We give a deterministic algorithm that, given a composite number $N$ and a target order $D \ge N^{1/6}$, runs in time $D^{1/2+o(1)}$ and finds either an element $a \in \mathbb{Z}_N^*$ of multiplicative order at least $D$, or a nontrivial factor of $N$. Our algorithm improves upon an algorithm of Hittmeir (arXiv:1608.08766), who designed a similar algorithm under the stronger assumption $D \ge N^{2/5}$. Hittmeir's algorithm played a crucial role in the recent breakthrough deterministic integer factorization algorithms of Hittmeir and Harvey (arXiv:2006.16729, arXiv:2010.05450, arXiv:2105.11105).
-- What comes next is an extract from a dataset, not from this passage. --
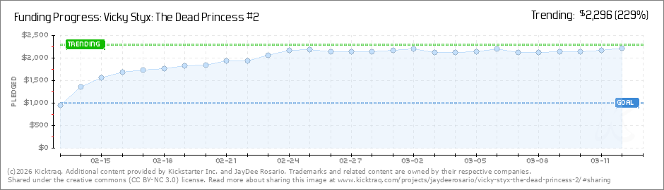 I am very happy to say that backer goal #1 has been unlocked. Thank you all for continuing to get behind the dead princess Vicky Styx #2. We are close to hitting stretch goal #2, and there is time for even more goals to unlock. Don't forget to... (Read More)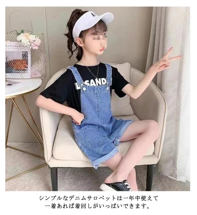 ポケット 140cm オーバーオール 子供服 女の子 2点セット セットアップ 120cm 半袖 韓国子供服 デニム ショートパンツ キッズ デニムサロペット 膝上 オールインワン ボトムス デニムオーバーオール 男の子 110cm tシャツ 130cm オーバーオール 150cm 160cm 170cm

When $N$ is assumed to have an $r$-power divisor with $r\ge 2$, our algorithm provides the same guarantees assuming $D \ge N^{1/6r}$.

翻译：我们提出一种确定性算法，给定合数$N$与目标阶数$D \ge N^{1/6}$，该算法在$D^{1/2+o(1)}$时间内运行，并找到乘法阶至少为$D$的元素$a \in \mathbb{Z}_N^*$，或$N$的一个非平凡因子。我们的算法改进了Hittmeir（arXiv:1608.08766）的算法，后者在更强的假设$D \ge N^{2/5}$下设计了类似算法。Hittmeir的算法在近期Hittmeir与Harvey（arXiv:2006.16729、arXiv:2010.05450、arXiv:2105.11105）突破性的确定性整数分解算法中发挥了关键作用。当假设$N$具有$r$次幂因子且$r\ge 2$时，我们的算法在假设$D \ge N^{1/6r}$的条件下提供相同的保证。